Problem to solve. Write out every line exactly, from the start of the records below to the line with "GOES衛星の太陽X線強度。赤・橙 = 0.1〜0.8", and stop there. Don't write out the pictures.

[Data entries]
====
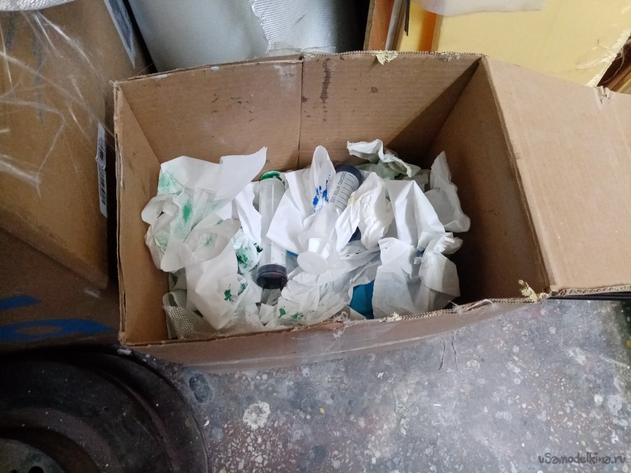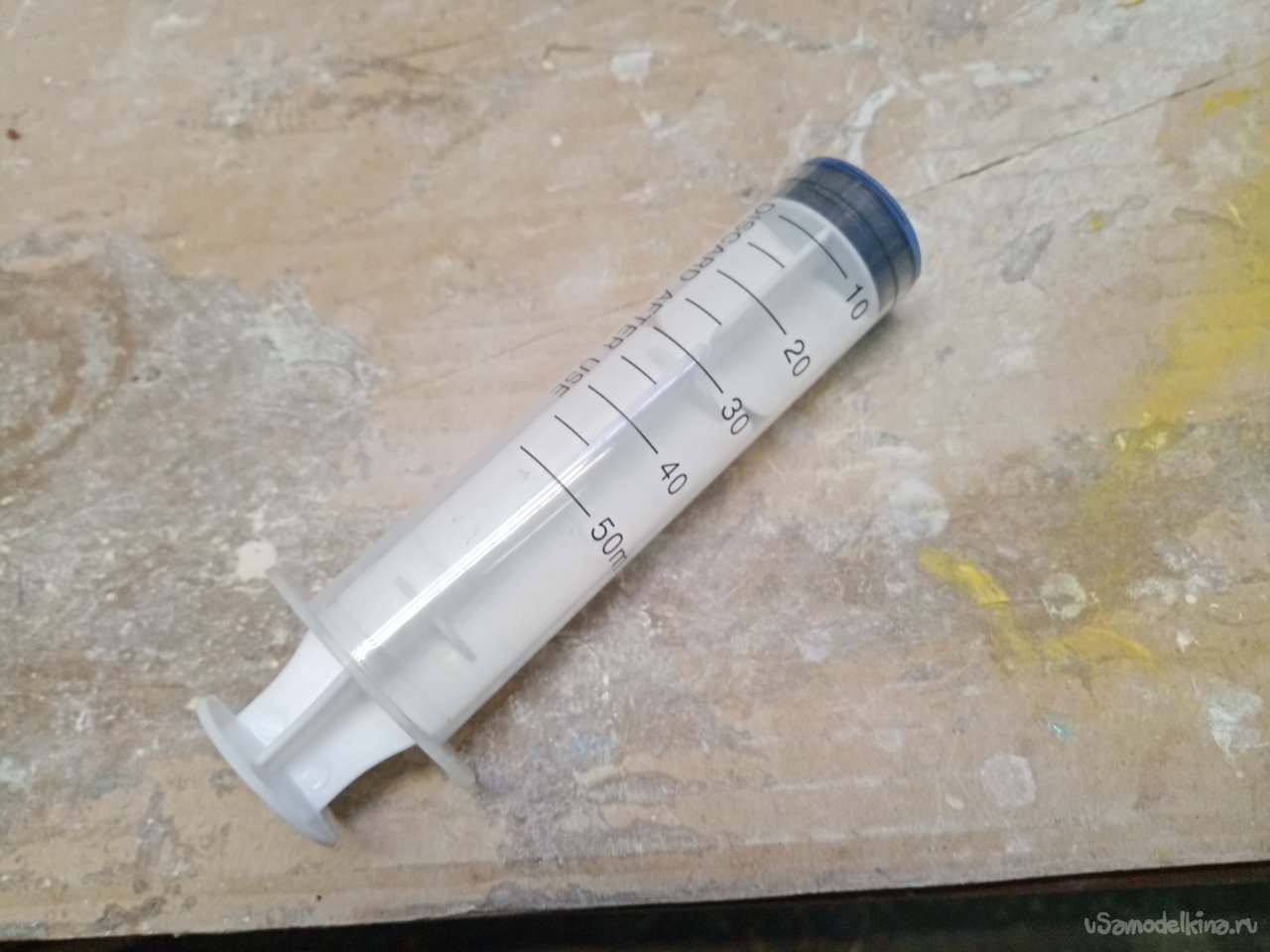 Очень тщательно размешиваю краску в банках. Для работы нужно перелить в более удобные ёмкости. Для этой цели вполне подойдут баночки от медицинских жидкостей. Есть тонкий носик, удобно наливать в аэрограф. Переливаю при помощи большого медицинского шприца. Немного разбавляю растворителем и состав готов к применению.
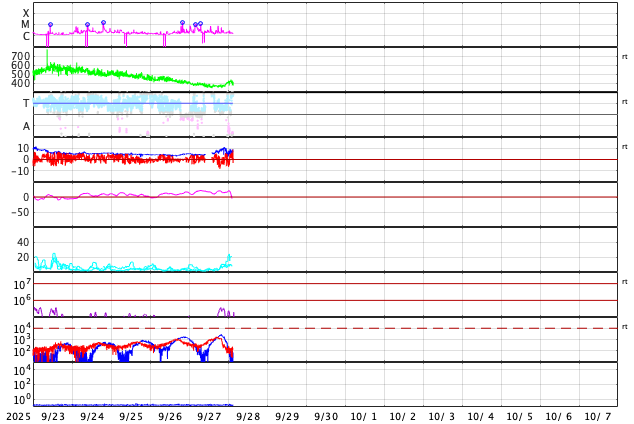GOES衛星の太陽X線強度。赤・橙 = 0.1〜0.8 nm、青・紫 = 0.05〜0.4 nm (c) データ:NOAA/SWPC、作図:宇宙天気ニュース ![]() | |||||||||||||||||||||||||||||||||||||||||||||||||||||||||||||||||||||||||||||||||||||||||||||||||||||||||||||||||||||||||||||||||||||||||||||||||||||||||||||||||||||||||||||||||||||||||||||||||||||||||||||||||||||||||||||||||||||||||||||||||||||||||||||||||||||||||||||||||||||||||||||||||||||||||||||||||||||
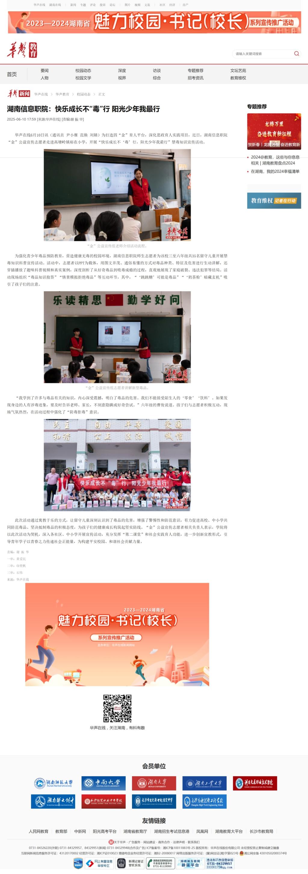 6月10日,华声在线发布《湖南信息职院:快乐成长不“毒”行 阳光少年我最行》
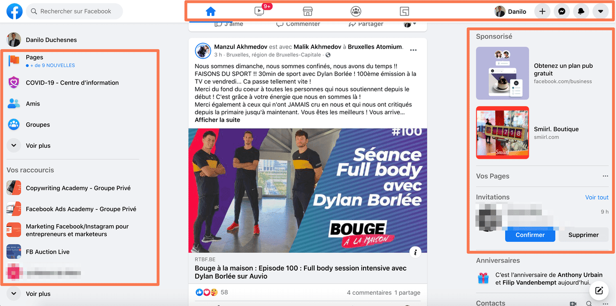 Les publicités dans le fil d’actualité
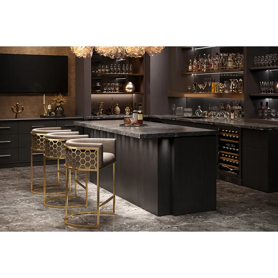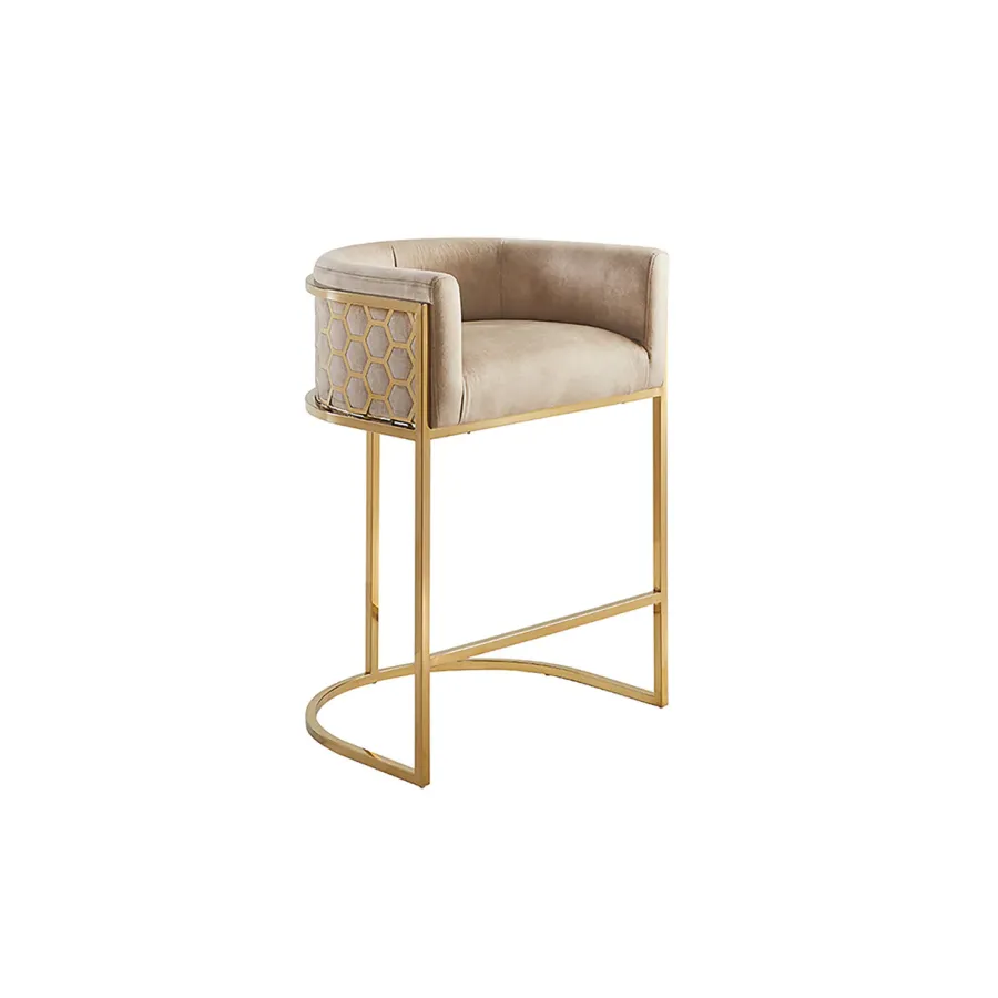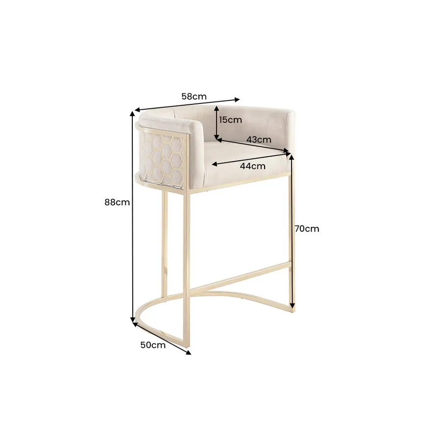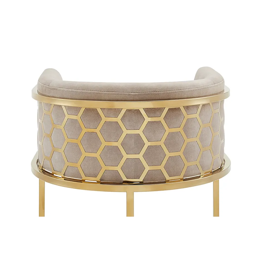 Ten hoker barowy łączy luksusowy wygląd z wyjątkowym komfortem siedzenia. Miękko wyściełane siedzisko pokryte jest eleganckim, szarym beżowym i wygodnie podpiera je niskie oparcie. Wyrazista złota rama dodaje mu szykownego charakteru; struktura plastra miodu po bokach nadaje mu głębi i ekskluzywnego wyglądu. Zakrzywiony wspornik podłogowy zapewnia lekką sylwetkę i stabilność przy barze.
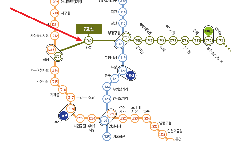 🔽인천지하철1호선노선도를 확인해보세요🔽
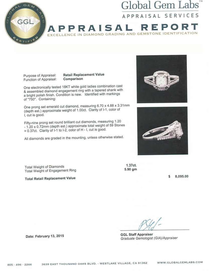 One electronically tested 18KT white gold ladies combination cast & assembled diamond engagement ring with a tapered shank with a bright polish finish. Identified with markings of "750". Condition is new. Containing: One prong set emerald cut diamond, measuring 6.70 x 4.88 x 3.31mm (depth est.) approximate weight of 1.00ct. Clarity: I-1. Color: I, Cut is Good. Fifty-Nine prong set round brilliant cut diamonds, measuring 1.20 - 1.20 x 0.72mm (depth est.) approximate total weight of 59 Stones = 0.37ct. Clarity: I-1 to I-2. Color: H - I, Cut is Good. All diamonds are graded in the mounting, unless otherwise stated. Total Weight of Diamonds 1.37ct. Total Weight of Engagement Ring 5.90 grams. GGL Appraised at $8,095.00.
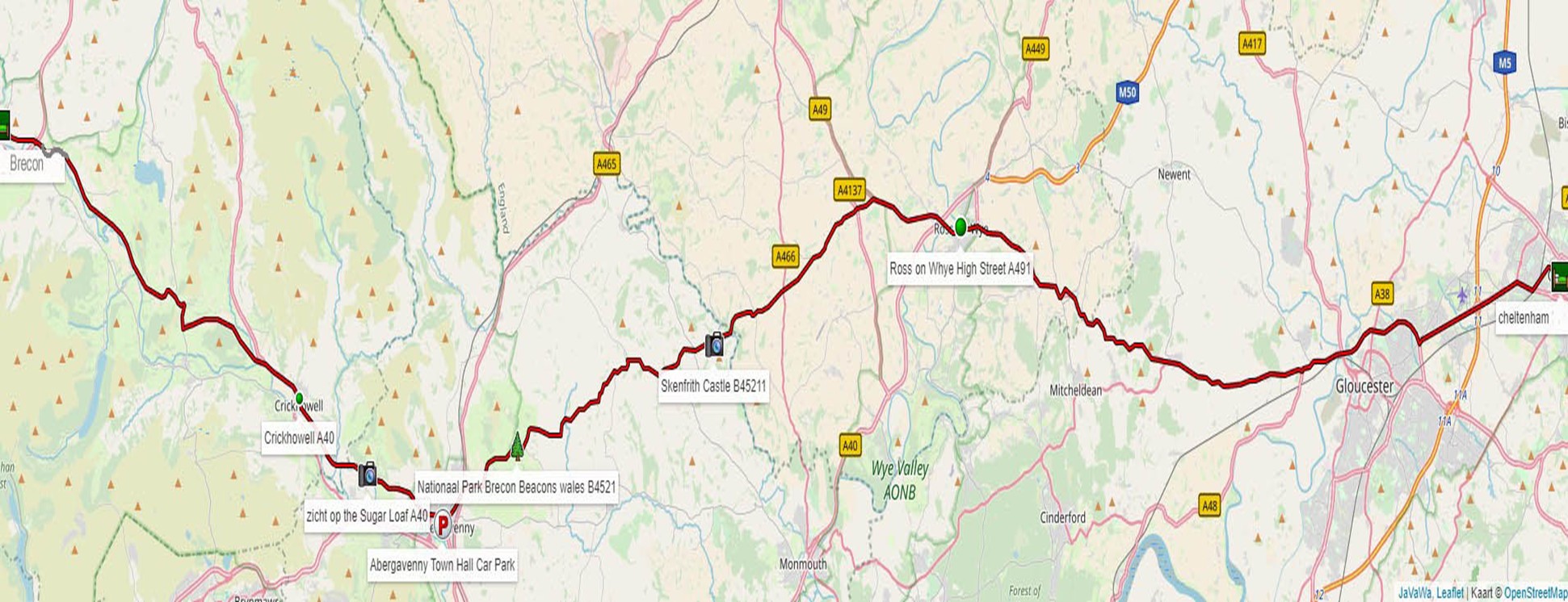 We rijden via Gloucester en Ross on Wye naar Abergevenny. Op het traject naar Abergevenny nemen we de B541 the Old Ross Road . We komen zo door een parkachtig landschap.
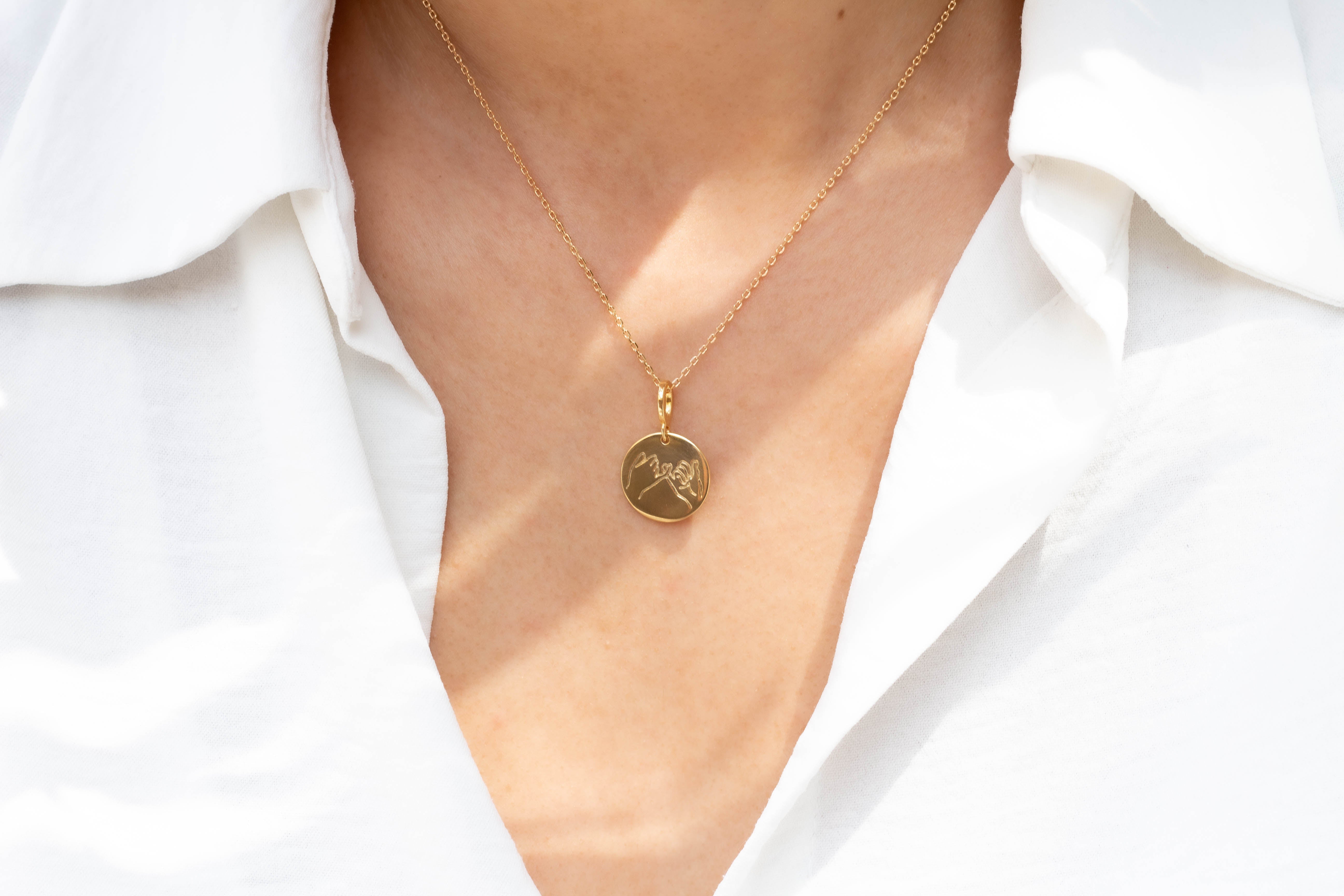 Expertly crafted, the Pinky Promise Charm comes in either gold or silver. Made with the finest materials, this charm is perfect for symbolizing the bonds of friendship and trust. Beautiful and durable, it is a timeless addition to any jewelry collection. 🤎
====
Answer below.
 Очень тщательно размешиваю краску в банках. Для работы нужно перелить в более удобные ёмкости. Для этой цели вполне подойдут баночки от медицинских жидкостей. Есть тонкий носик, удобно наливать в аэрограф. Переливаю при помощи большого медицинского шприца. Немного разбавляю растворителем и состав готов к применению.
GOES衛星の太陽X線強度。赤・橙 = 0.1〜0.8 nm、青・紫 = 0.05〜0.4 nm (c) データ:NOAA/SWPC、作図:宇宙天気ニュース ![]() | |||||||||||||||||||||||||||||||||||||||||||||||||||||||||||||||||||||||||||||||||||||||||||||||||||||||||||||||||||||||||||||||||||||||||||||||||||||||||||||||||||||||||||||||||||||||||||||||||||||||||||||||||||||||||||||||||||||||||||||||||||||||||||||||||||||||||||||||||||||||||||||||||||||||||||||||||||||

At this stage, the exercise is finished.